Whisper In The Wind: Saskatchewan instrumentalist Bob Evans, whose specialty is playing traditional roots music with contemporary finger-style guitarwork, won the U.S. National Fingerstyle Guitar Championship in 2003. Two of his recordings – 4 On 6 and Caffeinated Coffee — have been named Outstanding Instrumental Album by the Western Canadian Music Awards, among other honours. “I consider Bob Evans to be one of Canada’s national guitar playing treasures,” wrote Randy Finney, president and founder of fingerstyleguitar.ca.
It’s Our Big World: Canadian songwriter and musician Rob Hollis has written songs for Quartette and Cindy Church, most notable “- Rockabilly Heart”.
Do This Alone: Born in 1989, Calgary singer-songwriter Lindsay Ell was discovered by Canadian rock pioneer Randy Bachman at the age of 15. He went on to co-write and produce her first album, Consider This.
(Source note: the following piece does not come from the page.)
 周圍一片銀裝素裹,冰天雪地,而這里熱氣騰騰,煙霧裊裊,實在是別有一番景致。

In 2008, she toured with legendary blues guitarist Buddy Guy. In 2009, Ms. Ell released her second album, Alone, and in 2010, she was a featured artist at Vancouver’s 2010 Olympic Winter Games — not bad for an artist who was 20 years old at the time. In the fall of 2012 she was chosen to open shows for Keith Urban.
Two Orcas: Vancouver, BC’s John Reischman is one of the top-rated mandolin players and composers in the world of acoustic music, known for his phenomenal tone and immaculate musicianship. The album Field Guide, produced by Mr. Reischman and his band, The Jaybirds, was nominated for Canada’s highest music award, the Juno, in the Roots and Traditional Group category in 2002. In 2005, Billboard magazine enthused, “Any argument about John Reischman & the Jaybirds being a leading bluegrass band can be settled by listening to their exceptional third album, The Road West.” The Jaybirds’ most recent album is Stellar Jays.
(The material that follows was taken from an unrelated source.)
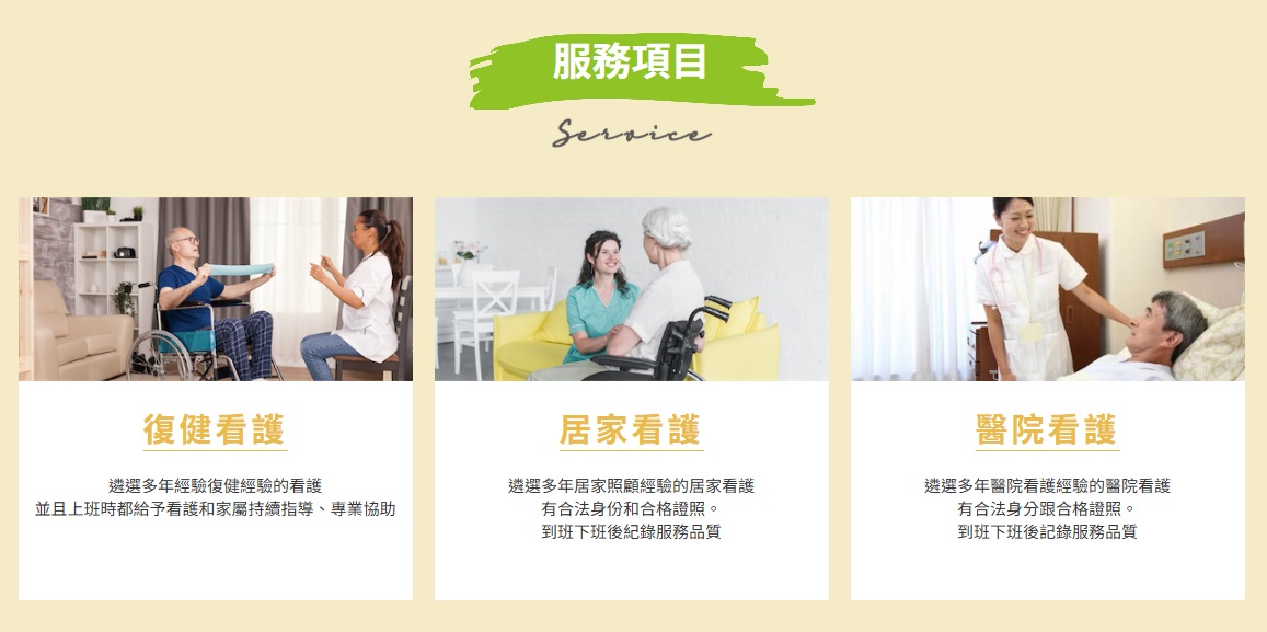 首頁清楚呈現服務項目,能讓訪客在第一時間理解品牌提供的內容,迅速找到符合需求的服務。每個服務項目對應的標題與描述,都能自然融入關鍵字(如「復健看護」、「居家看護」、「醫院看護」),有助於搜尋引擎理解網站架構,提升在相關關鍵字的自然排名。

Find My Way Home: Cindy Church, a member of the groups Quartette, Lunch at Allen’s, and Rankin, Church & Crowe, has been nominated for multiple Juno and Canadian Country Music Association Awards and won Female Artist of the Year at the 1993 Alberta Country Music Awards. A native of Nova Scotia and resident of Toronto, Ms. Church’s latest album is Sad Songs Make Me Happy. Winnipegger Gwen Swick is also a member of Quartette, as well as a band called the Marigolds. The Toronto Star said of Ms. Swick “her voice evokes a sense of wonder.”
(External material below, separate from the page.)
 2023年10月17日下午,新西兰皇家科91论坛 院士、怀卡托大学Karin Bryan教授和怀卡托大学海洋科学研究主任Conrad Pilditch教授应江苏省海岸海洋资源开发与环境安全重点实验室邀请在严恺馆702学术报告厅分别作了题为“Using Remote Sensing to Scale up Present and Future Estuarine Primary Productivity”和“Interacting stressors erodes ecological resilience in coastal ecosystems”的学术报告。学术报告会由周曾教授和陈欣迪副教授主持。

This Is Everybody’s World: Richard Harrow is a singer, musician, actor, audio engineer, producer and teacher whose 40 years of professional experience include building his own Calgary recording studio, The Living Room, and recording hundreds of artists through the 1980s. In the 1990s, he developed audiomastering.com, a division of Canada Disc Inc., into a world-class facility, and in 2010, Mr. Harrow teamed up with Cole Binder to form HB Media Services Inc. Over the years he has amassed many awards, and in 2011 he won the Juno Award for Best Children’s Album for Proud Like a Mountain, by Peter Lenton (a.k.a. Peter Puffin).
CD Photography: Red Deer, Alberta’s Harley Hay is a photographer, TV news videographer, writer, and drummer.
CD Graphic Design: Calgary graphic designer Sacha Kiefer has 12 years experience working in the print and media industry. He has designed CD cover graphics for Grammy Award winner Donald Ray Johnson, ASCAP Award winner Ray Griff and, most recently, Juno Award winner Peter Lenton (a.k.a. Peter Puffin).